In Baltimore, once known as “Monumental City” because it had more statues per capita than any other place in America, former Mayor Catherine Pugh took it upon herself to dismantle statues of Lee and Roger Taney, the latter of which had long stood in Mount Vernon Square, a half-block north of the nation’s first monument to Washington. Taney is now known primarily for his Supreme Court opinion in the 1857 Dred Scott case, which declared that black people “had no rights which the white man was bound to respect.” (In fact Taney was personally opposed to slavery and freed his own slaves early in his career.)

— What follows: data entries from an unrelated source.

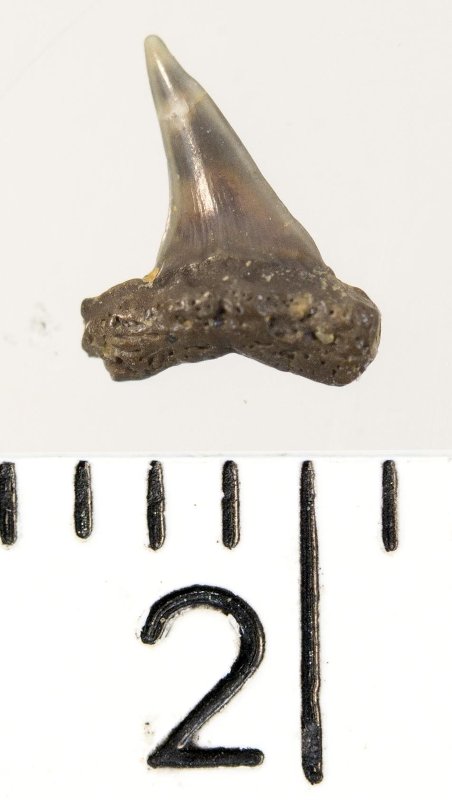 Зуб. Акула. Eostriatolamia subulata (Agassiz, 1843). Классификация: Хордовые Chordata, Позвоночные Vertebrata, Хрящевые рыбы Chondrichthyes, Пластиножаберные Elasmobranchii, Акулы Selachii, Ламнообразные Lamniformes, Песчаные акулы Odontaspididae
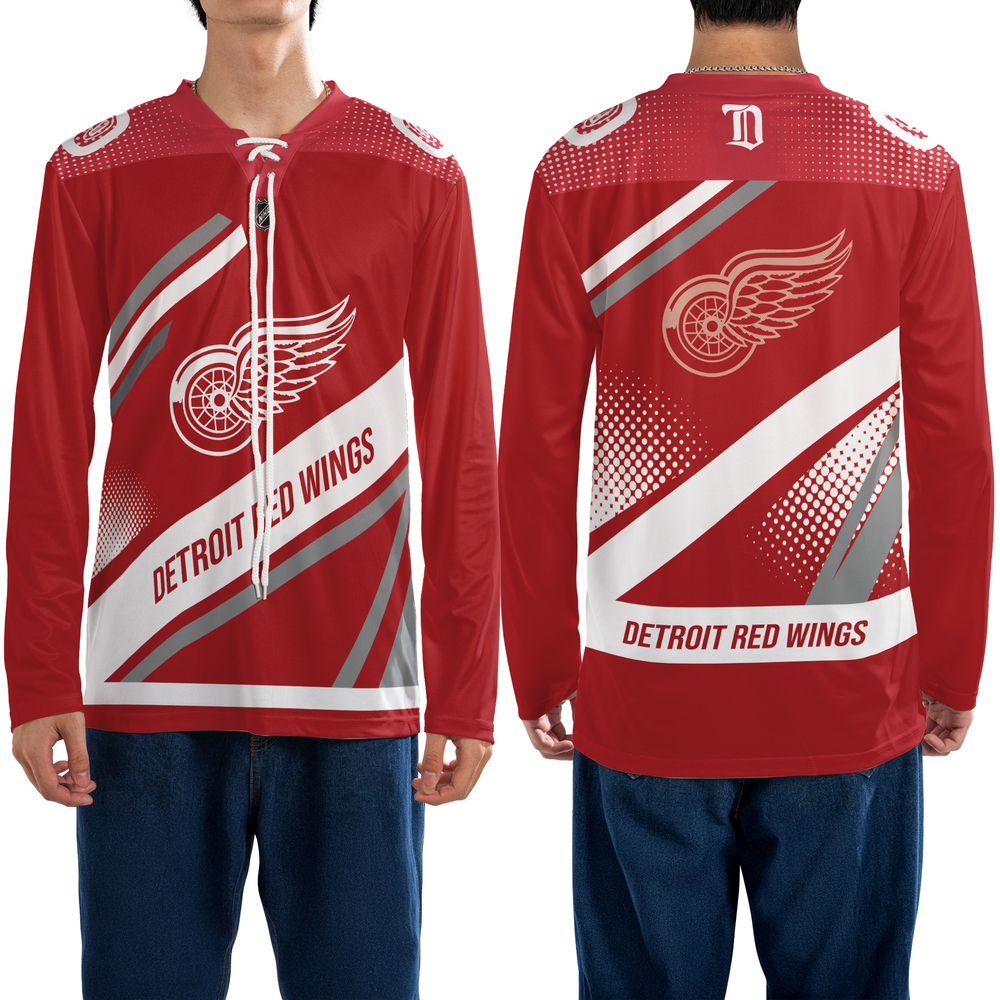 Show your Red Wings pride with this modern Lace Neck Fan Jersey Shirt. Featuring the Winged Wheel logo and dynamic striped graphics for a sleek, comfortable fan look. 🔴🏒
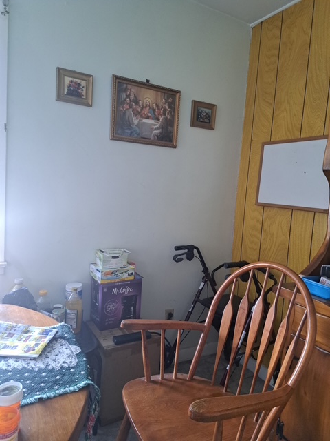 The few items near the washing machine on the corners of Walls One and Three were removed. Over the washing machine was hung a picture of the Last Supper.
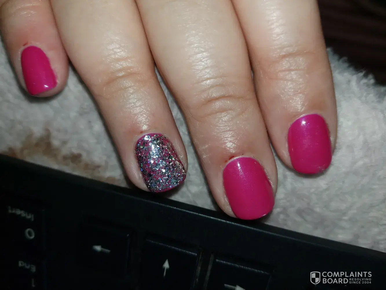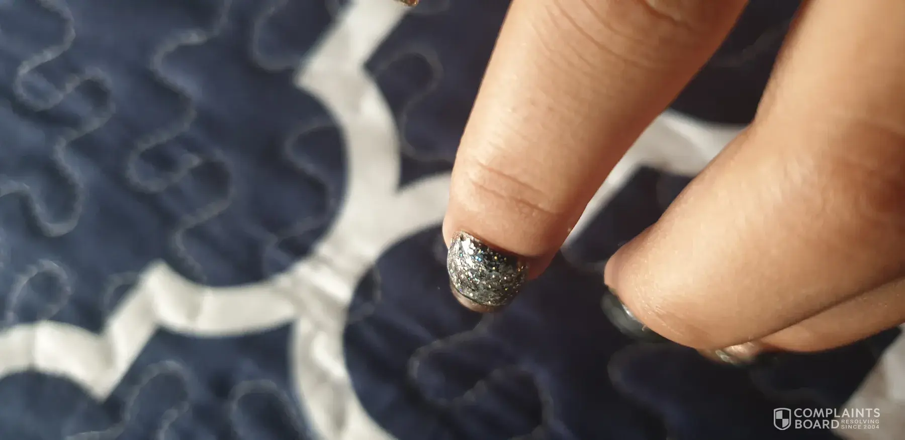 Not to mention the broken nail after I told her after cutting the nails about the chip and she said no its not broken, she covered it with nail polish, got home as I took a bath that nail kept on hooking my face cloth and that chip is a broken nail and more ugly
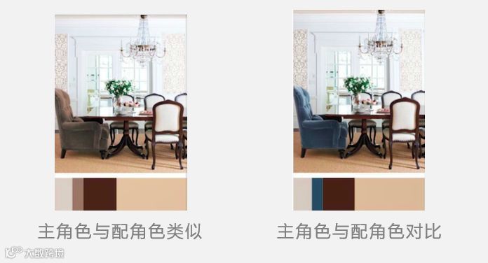 配角色最大的作用是衬托主角色,所以通常会与主角色保持一定的色彩差异,这样不仅能突出主角色,还可以丰富空间的视觉效果。
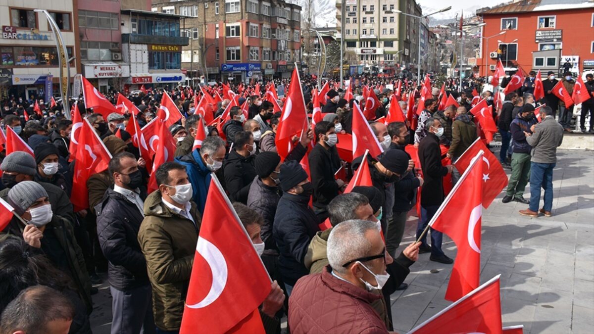 Hakkari'de, Pençe Kartal-2 Harekatı bölgesindeki Gara'da 13 Türk vatandaşını şehit eden terör örgütü PKK'ya tepki yürüyüşü düzenlendi.Düzenlenen yürüyüş için sivil toplum kuruluşu ve siyasi parti temsilcileri ile vatandaşlar, Bulvar Caddesi üzerinde bir araya geldi.
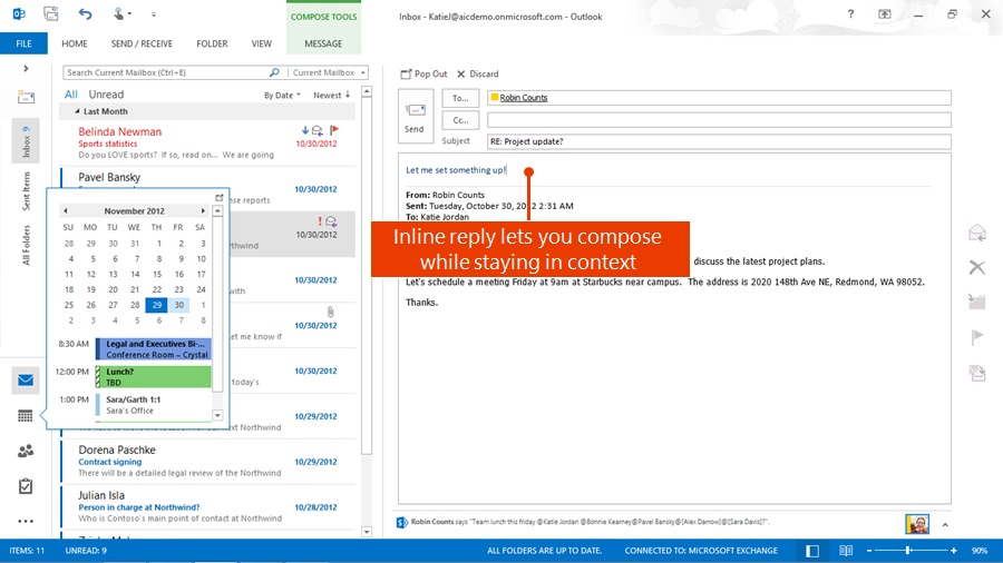 This week I had the chance to speak with Lillian Hiscox, Lillian is a solution specialist in the productivity (Outlook, Lync, Office, etc) team here at Microsoft. On my way home I stopped by her desk and we had a brief chat about some of the new features coming in Outlook 2013.
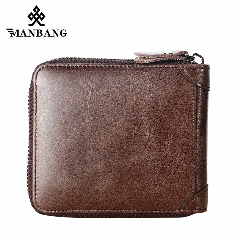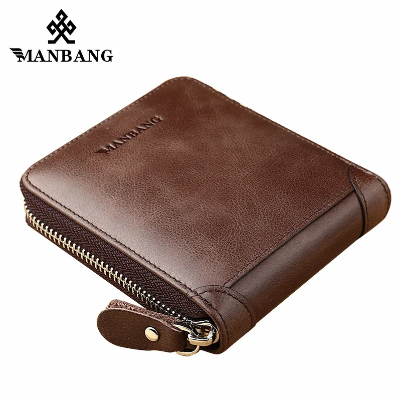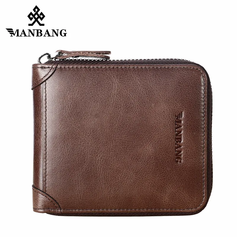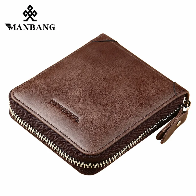 Кошелек ManBang мужской из натуральной кожи, Модный маленький винтажный бумажник с кармашком для мелочи, компактный брендовый клатч с кредитницей
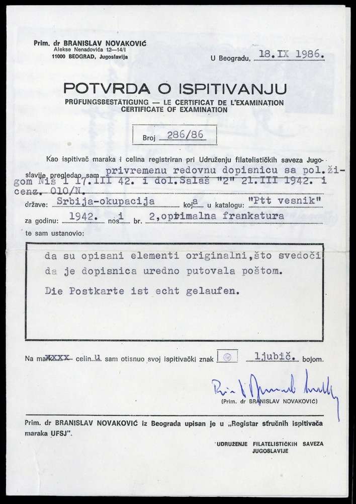 | Prüfgebiet: | Deutsche Besetzung WK 2 Serbien |
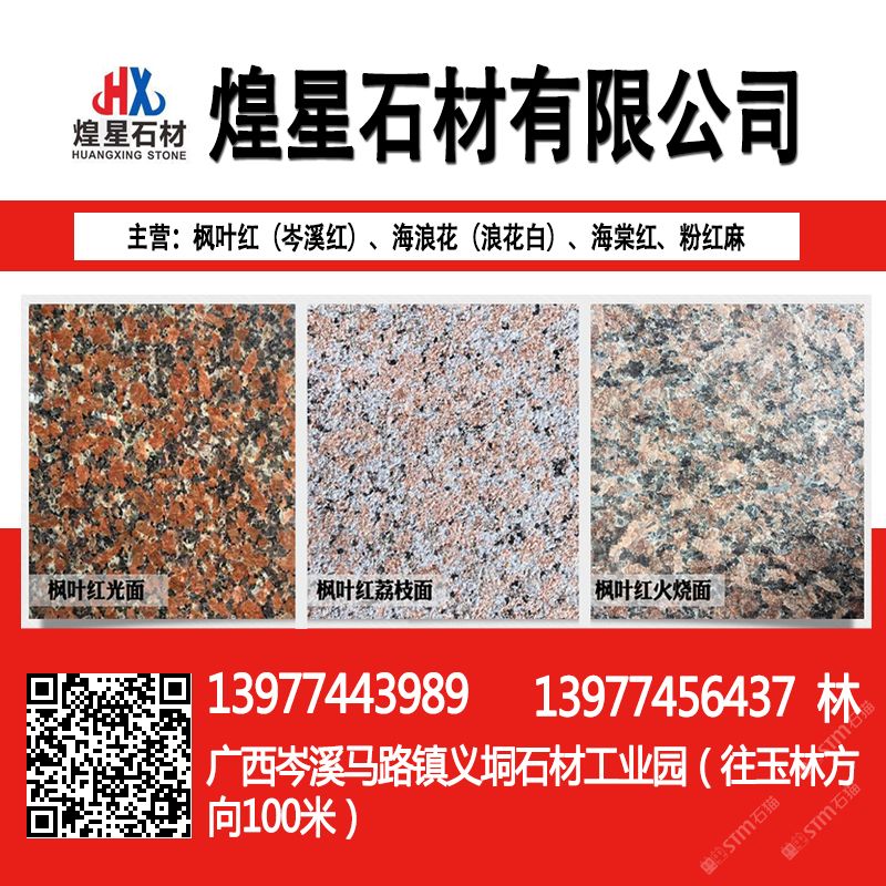 岑溪市煌星石材位于岑溪市馬路鎮(zhèn)義垌石材工業(yè)園,主要生產(chǎn)銷(xiāo)售:岑溪紅(楓葉紅),海浪花,海棠紅,三堡紅,粉紅麻,鐘山青,光板,毛板,火燒板,荔枝面,路沿石,異形板,大板以及各種工程板。\\\\\\\\\\\\\\\ 本廠加工設(shè)備完善,技術(shù)力量雄厚,有承接大型工程的實(shí)力和經(jīng)驗(yàn):產(chǎn)品優(yōu)質(zhì),價(jià)格合理,致力于為客戶(hù)提供周到,完善的服務(wù),憑借良好的信用,贏得廣大顧客的信任。歡迎新老客戶(hù)前來(lái)洽談業(yè)務(wù)!
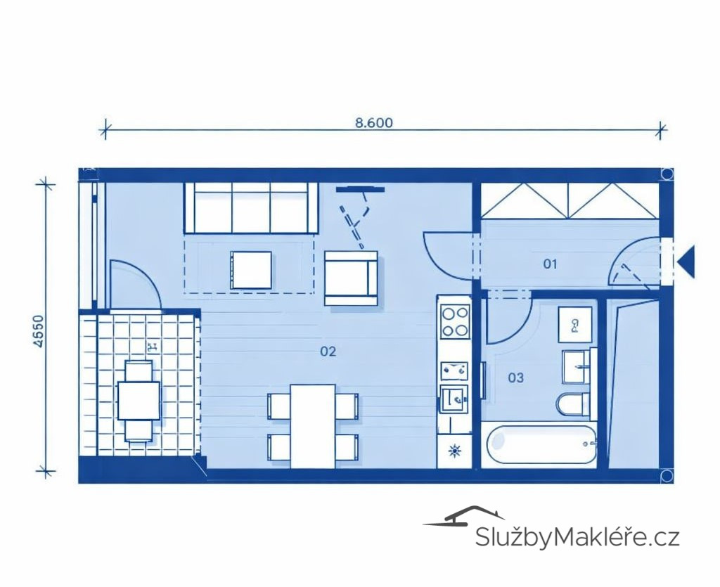 Byt má velmi praktickou dispozici a díky velkým proskleným plochám je světlý a slunný. Vyvýšené umístění lodžie zajišťuje dostatek soukromí i bezpečí.
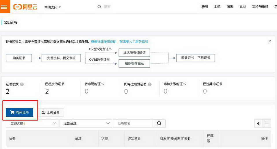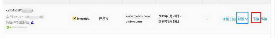 6. 解析好之后就可以下載對應的證書(如果你不是用阿里云的服務器就點擊下載(下載的時候選擇對應的版本類型,如果是IIS就選擇IIS),如果你使用的是阿里云的云服務器,可以點擊部署就行了,就更方便了。)
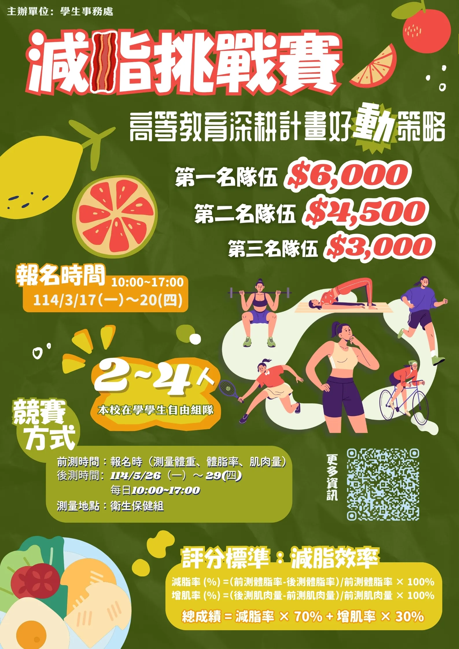 考量計畫目標係為營造健康校園,鼓勵全校學生積極運動健身,故新增「減脂挑戰賽」前測、後測日期,以廣納更多同學報名參與。
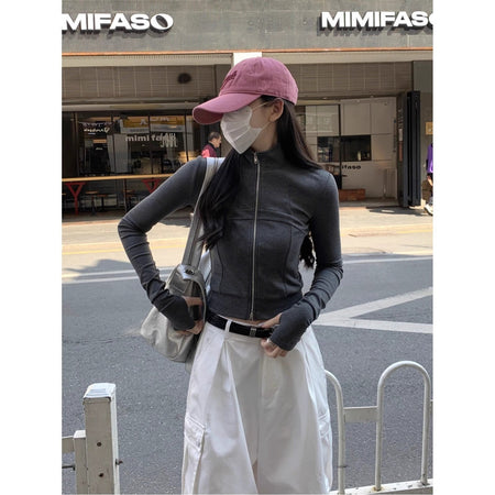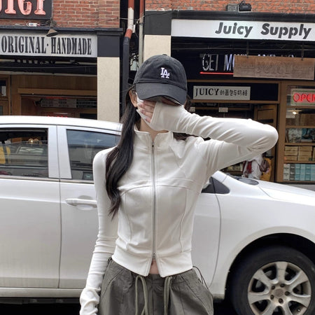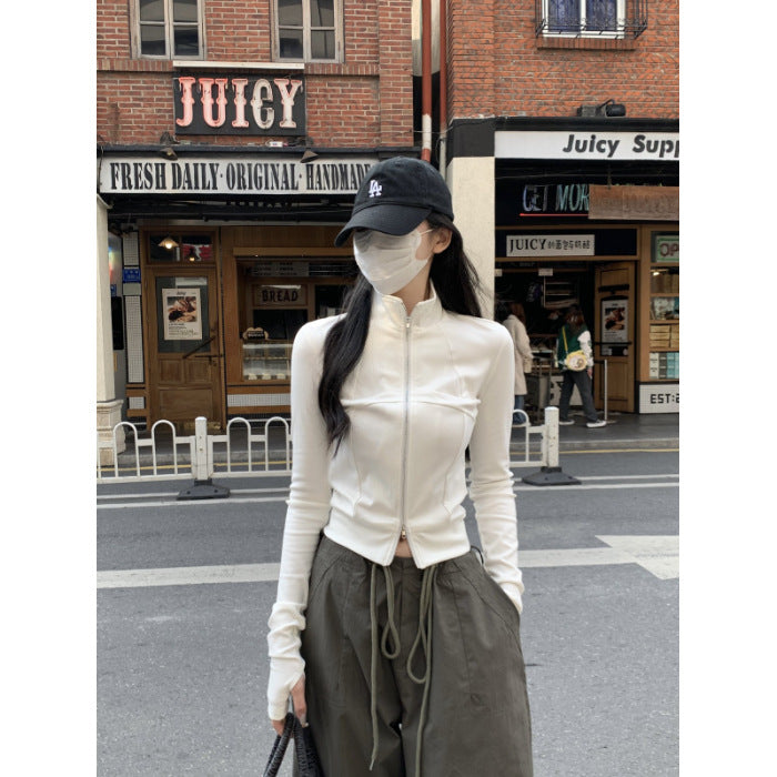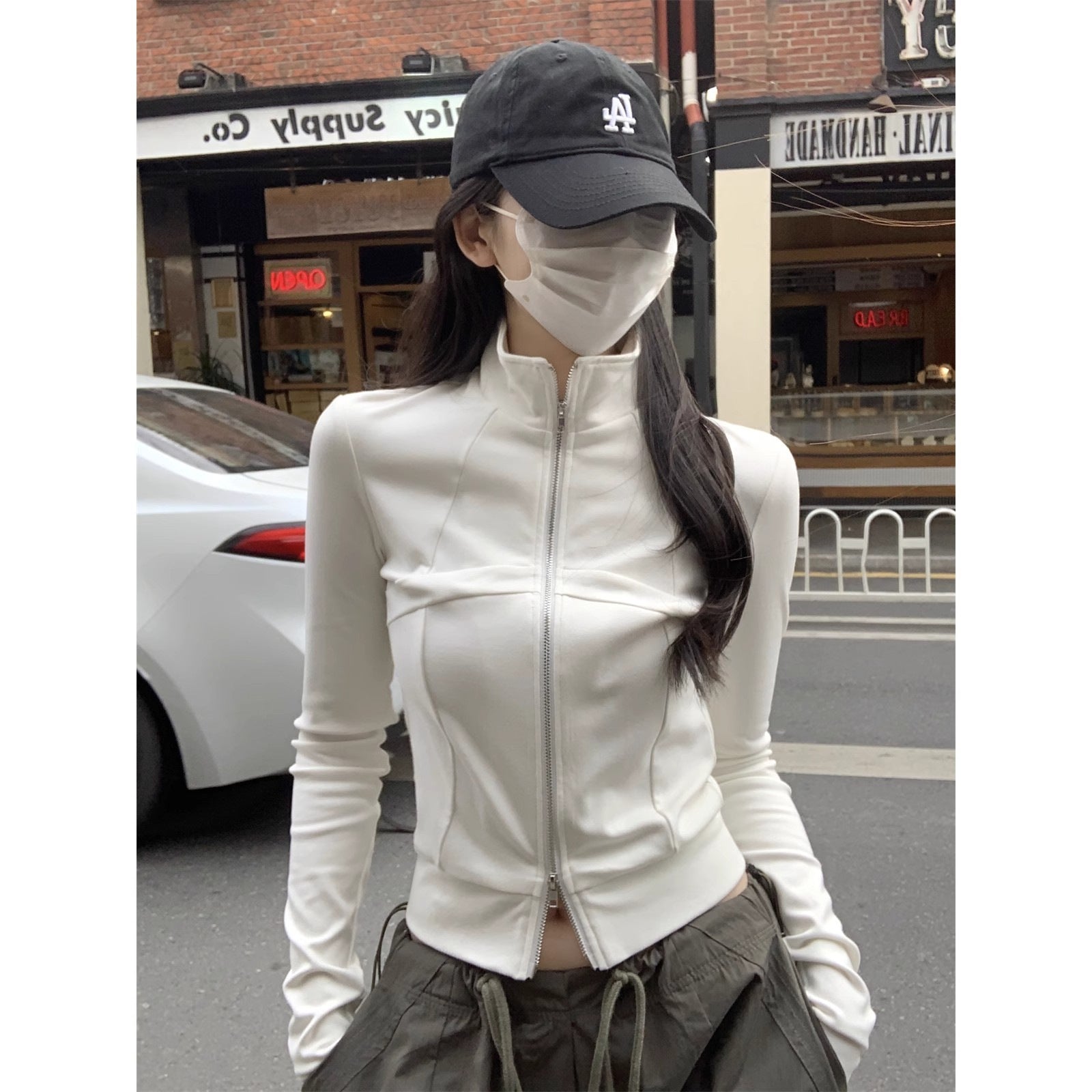 The stand collar and long sleeves provide added coverage, while the double zipper design offers versatility in styling and ease of wear. Its slim fit accentuates your silhouette, making it ideal for both workouts and casual outings.
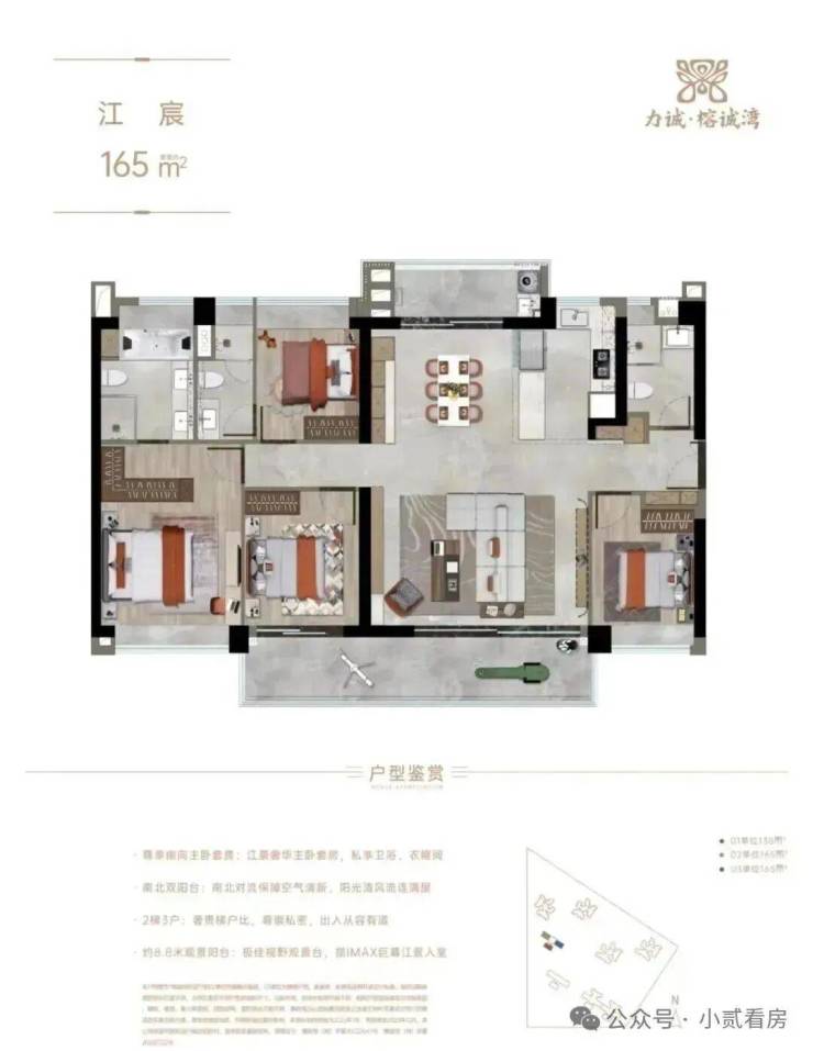 建面约165㎡,打造南北双阳台,南向四开间望江,观景阳台的长度能够达到8.8米,在观景体验上,是几个户型中最好的。
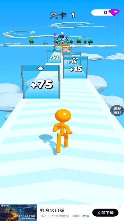 果冻人要上天游戏是趣味的跑酷游戏,画面场景比较的简约,玩家将会操控着自己的角色进行体验,各种不同的障碍物都需要你躲避,还会有光幕上的加减乘除能够尝试,增加角色的身高以及腰围等数据,喜欢的小伙伴快来下载试试吧。

One wonders how PC revisionists might handle the huge stone sculptures of Washington and Jefferson at Mount Rushmore or view the uncomfortable realities of the Gettysburg Battlefield’s 1,300-plus monuments both Confederate and Union.
Revisionists have a way of ignoring inconvenient facts — trying to erase the past merely because it doesn’t fit the present. But ceding memory to political progressives is to tamper with reality, to lose context and perspective.
To expunge the inherent contradictions contained in most historical figures is to engage in a form of self-deception by ignoring negative qualities that inevitably exists in all of us.
We should learn from history, not whitewash it.
The writer is a law professor at the University of Baltimore, where he specializes in civil liberties and international human rights.